Education Reform

Why Is School Choice Important?

The following is the first in a series of guest articles from Greg Georgean Advocacy Coordinator with the Michigan Association of Public School Academies (MAPSA):


This week marks the celebration of National School Choice Week, which provides an opportunity to showcase how empowering parents through more choices improves education. Participants in National School Choice Week support a variety of school choice options — from traditional public schools to public charter schools, magnet schools, private schools, online learning, and homeschooling. This year, over 5,500 events have been independently planned across the country by various groups, schools, and organizations.

There is no question that our current education system leaves children behind. Those most in need of a quality school are, unfortunately, the least likely to get one.
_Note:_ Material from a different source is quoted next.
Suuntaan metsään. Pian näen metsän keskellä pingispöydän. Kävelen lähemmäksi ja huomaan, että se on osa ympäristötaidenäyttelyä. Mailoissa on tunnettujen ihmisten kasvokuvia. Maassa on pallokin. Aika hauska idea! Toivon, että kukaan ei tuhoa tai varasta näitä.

And worse, opportunities for those without a quality education are severely limited. To quote former Secretary of State Condoleezza Rice: “If I can look at your zip code and I can tell whether you’re going to get a good education, we’ve got a real problem.”
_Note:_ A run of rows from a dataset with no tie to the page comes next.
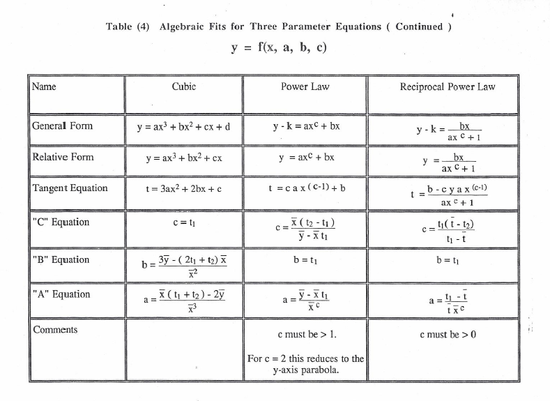 Experience has shown that the selection of the appropriate form for the curve fit is very straightforward and poses no more of a problem then the selection of the appropriate French curve.
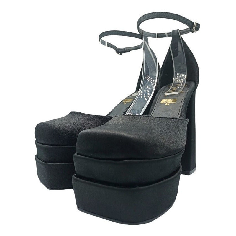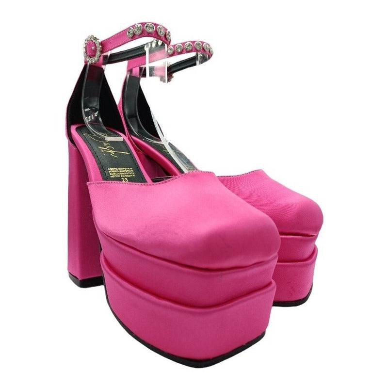 El modelo 416 es la definición de impacto, glamour y presencia. Diseñado para mujeres que aman destacar, este par combina plataforma alta, tacón grueso y una silueta moderna que estiliza la figura desde el primer paso.
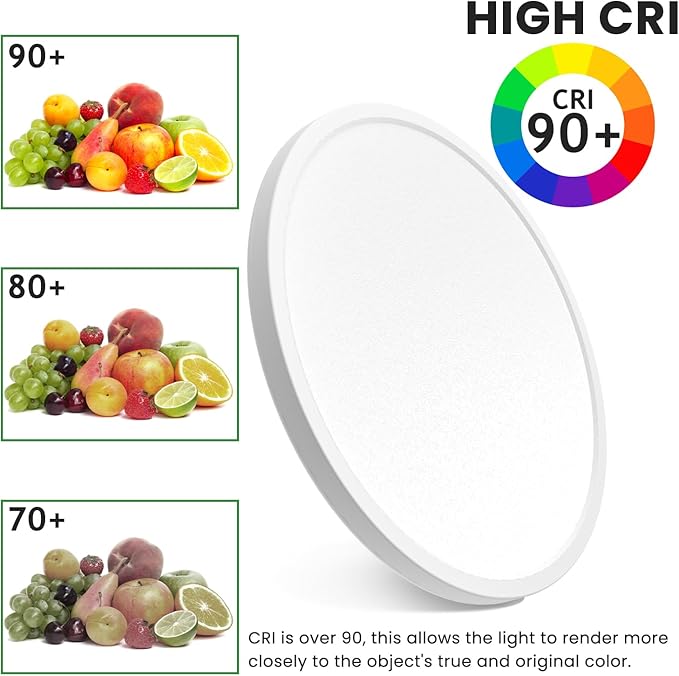 - 【Brightness Dimmable and 3 Color Modes】-Hepside bathroom light fixtures ceiling mount has 3 kinds of color temperature (Warm white 3000K, Natural white 4500K, Daylight white 6000K), the brightness range can also be adjusted between 10%-100%.Also available as a night light, this kitchen ceiling light fixtures has a minimum dimming brightness of 10% at 3000K warm white. Children or the elderly will feel safer at night due to the quiet and comfortable light source.

So, how do we improve education? Consider how are other goods and services improved over time and the answer becomes clear: choice.
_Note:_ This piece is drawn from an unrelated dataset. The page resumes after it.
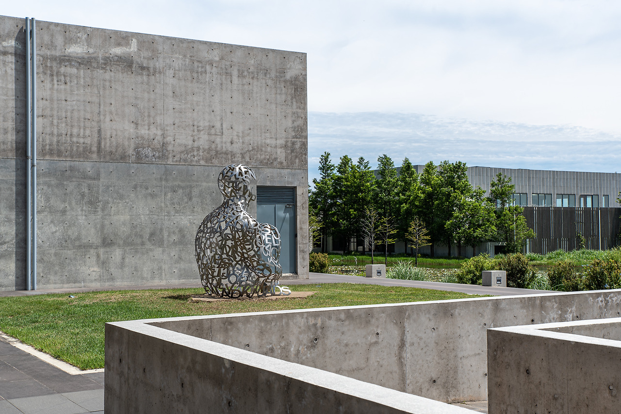 입장하기 전, 주차장 옆쪽으로 위치한 넓은 연못에 눈길이 간다. 파동 하나 없는 수표면은 고요함을 유지하며 푸른 하늘과 그 아래에 있는 박물관의 외관을 자연스레 담아낸다. 파란 우주 속에 떠 있는 듯한 부유감이 감돈다. 물의 반사 성질은 물성이 갖는 무게감을 가벼움으로 환기시킨다. 건축가의 의도가 담백하고 단순하게 표현되는 것은 대단히 정교한 설계와 많은 어려움을 극복한 결과일 것이다. 따라서 무언가가 우리의 눈에 균형 잡힌 형태나 단순함으로 읽힌다는 것은 만든 이의 높은 경지를 보여주는 하나의 증거가 된다.

Choice always has that effect; it drives innovation and competition to produce higher quality goods and services. We see it every day in every industry. Education is no different, but unfortunately, it is treated differently.

Opponents of school choice say that more options for parents harm students’ educational opportunities and school quality. That’s just silly. Because if true, our universities and community colleges wouldn’t be some of the finest learning institutions in the world.

You see, in higher education the dollars follow the students, not the institutions. This puts students and parents in the driver’s seat. They start asking what they are getting for their money and what works best for them. This is exactly what is missing for many K-12 students in the United States.

Opponents also argue that deciding where and how to education children is far too important for parents to make. They aren’t educators, you see. But parents make choices for their children every single day that are just as important as education — including food, shelter, clothing, transportation, and health care. They should be given the ability to find educational options that work for their children’s needs. This is the only way to adequately provide more opportunities to children.

Opponents also argue that school choice does not help the poor. This is also silly: school choice is an incredibly attractive option for lower-income families. Currently, only the rich have the luxury of mobility and are able to pay for good, private schools. Choice would empower the poor to use their dollars to find a school that works best for their children.

The truth about school choice is clear: choices empower people. That is exactly what is needed to improve education in America so no child is taken for granted.